Reflecting his great interest in social issues, Trajan created Brazilian women, in order to promote the nationalization of women in 2013 Women’s National Network. Three years later, he stepped down from the daily work of Lugiza magazine to chair the board and spend more time on social projects.

Trajan is unforgiving about defending the interests of quotas in order to increase that proportion women on company boards From its current level of 7% in Brazil. “Until two or three years ago, women did not even think of a board, they did not have a chance,” she says. “Meritocracy can be talked about only when there are opportunities for everyone.”

Three questions to Luisa Trajano

Who is the hero of your leadership?

My aunt was a very strong leader, very concerned about social issues. He donated a cancer hospital to the city. But I do not have an idol. I have always been inspired by different people.

If you were not a CEO, what would you be?

I would be a psychologist.

What was the first lesson of your leadership that you learned?

I learned to be compassionate. Empathy changes places with another person in their world.

The same thinking led him to increase racial diversity in Magalu. He believes George Cave Floyd Last year, he was heavily influenced by a police officer in the United States in Brazil, one of the last Western countries to abolish slavery. “This eight-minute suffocation has had a profound effect on business people and the government,” he said.

Last year, Louisa Magazine announced that it would retain all places in its much-sought-after graduation program for black applicants in an effort to develop future senior black managers. Despite allegations of racism on social media, the company went ahead and selected 20 black trainers from almost 20,000 applicants. Other companies followed suit.

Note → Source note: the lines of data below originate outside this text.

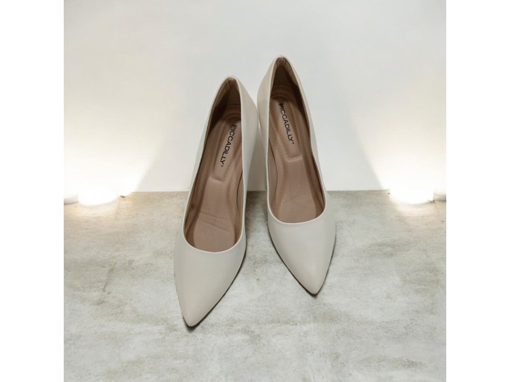 Dámské lodičky Piccadilly jsou provedeny v elegantní světlé krémové / slonovinové barvě . Teplá off-white s jemným béžovým podtónem, ne čistě bílá. Povrch je hladký, lehce matný, bez výrazného lesku. působí luxusně a nadčasově, snadno se kombinuje se společenskými i formálnějšími outfity a je ideální volbou na slavnostní příležitosti i pracovní schůzky.
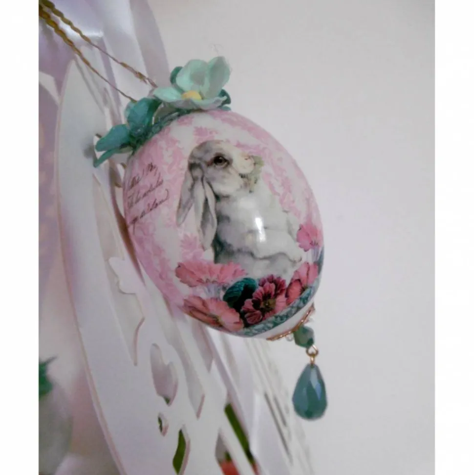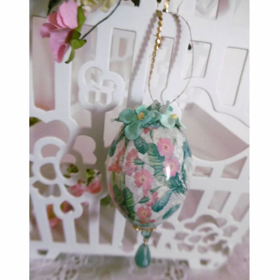 Das Ei ist mit einer exclusiven Schrumpffolie gestaltet. Es ist mit farblich passenden Blüten und als Abschluß mit einem Schuckstein, der am unteren Teil des Eis hängt, verziert.
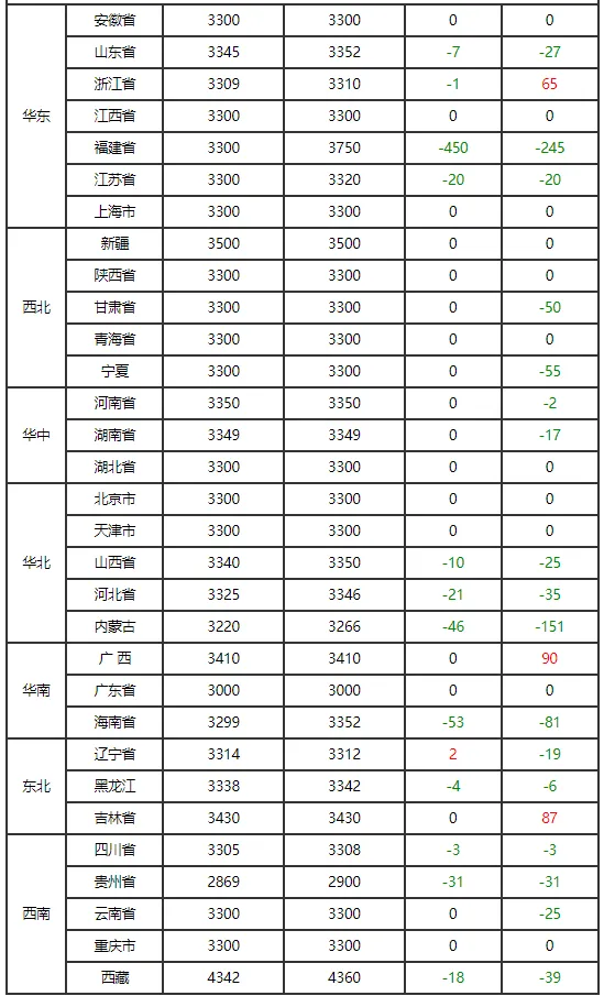 4、现货3150-3250元/吨,期货2859元/吨,弱势震荡,需求低迷。
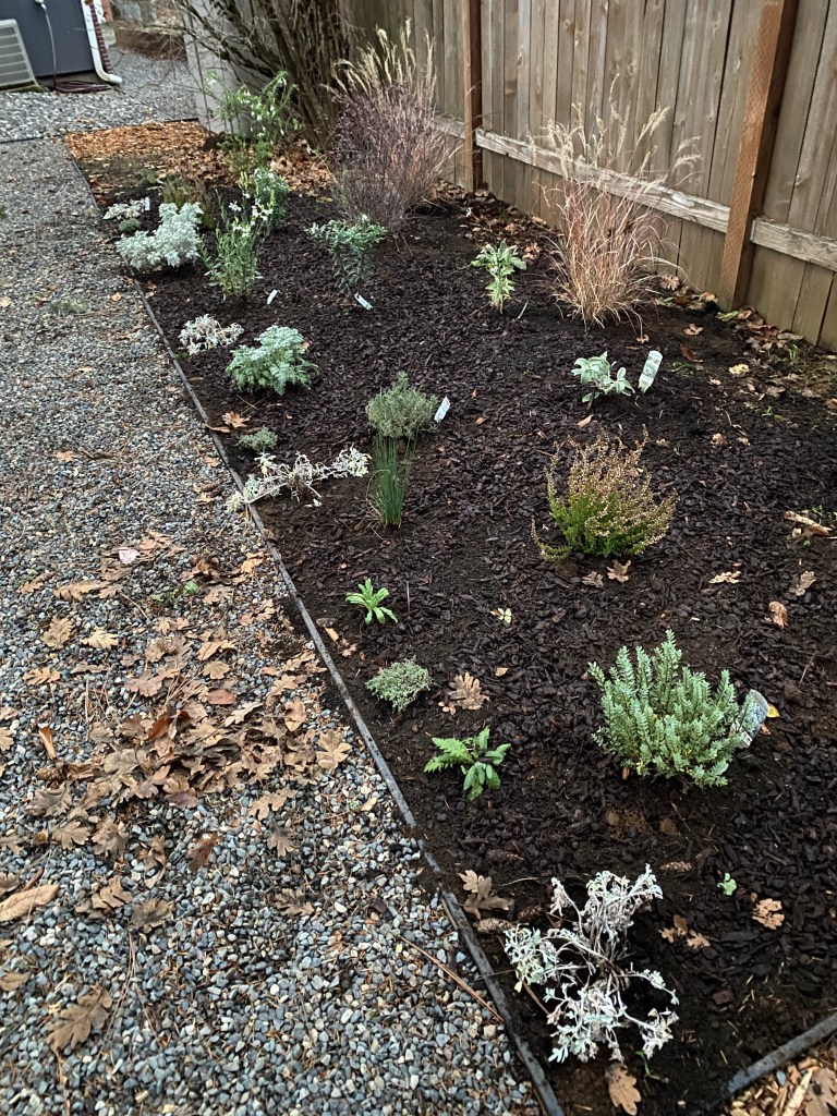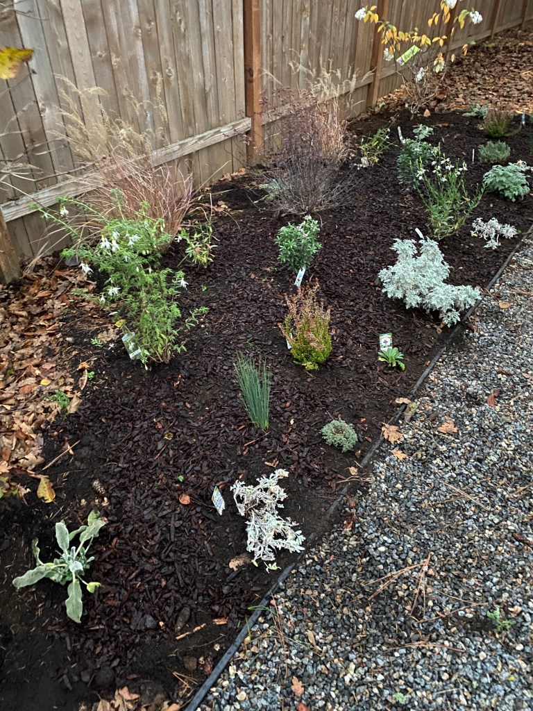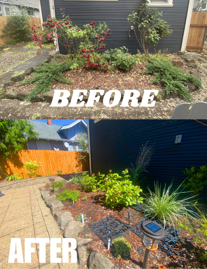 On the opposite side, the bed against her house, tall and gangly red roses and sprawling junipers. She didn’t particularly like any of the plants in this bed, so we decided together to start fresh! I brought in a mixture of native plants & hardy drought-tolerant beauties with dark purple & white flowers. Taller shrubs in the back, graduating to smaller perennials, and finally smaller ground cover plants to spill out over the rocks in the front.

“Brazil had 400 years of slavery,” explains Trajano. “Slavery left not only a financial legacy, but also an emotional one. People did not feel that the country was theirs. It was a very serious legacy of slavery, a very bad way of elimination. “People were thrown into the streets without food, without work, without a home, without a school and without money.”

Trajano recently launched a fundraising initiative called United Vaccines to help speed up vaccinations in the world’s second-highest number of vaccines. deaths from coronavirus,

His fame and popularity in Brazil have led some to speculate that he should run for president next year.

“I am a politician because I have a group of almost 100,000 women who want to become Brazil’s largest non-partisan organization,” she said. “100,000 people speak the same language, although they think differently. “I believe in transforming the country through organized, determined civil society.”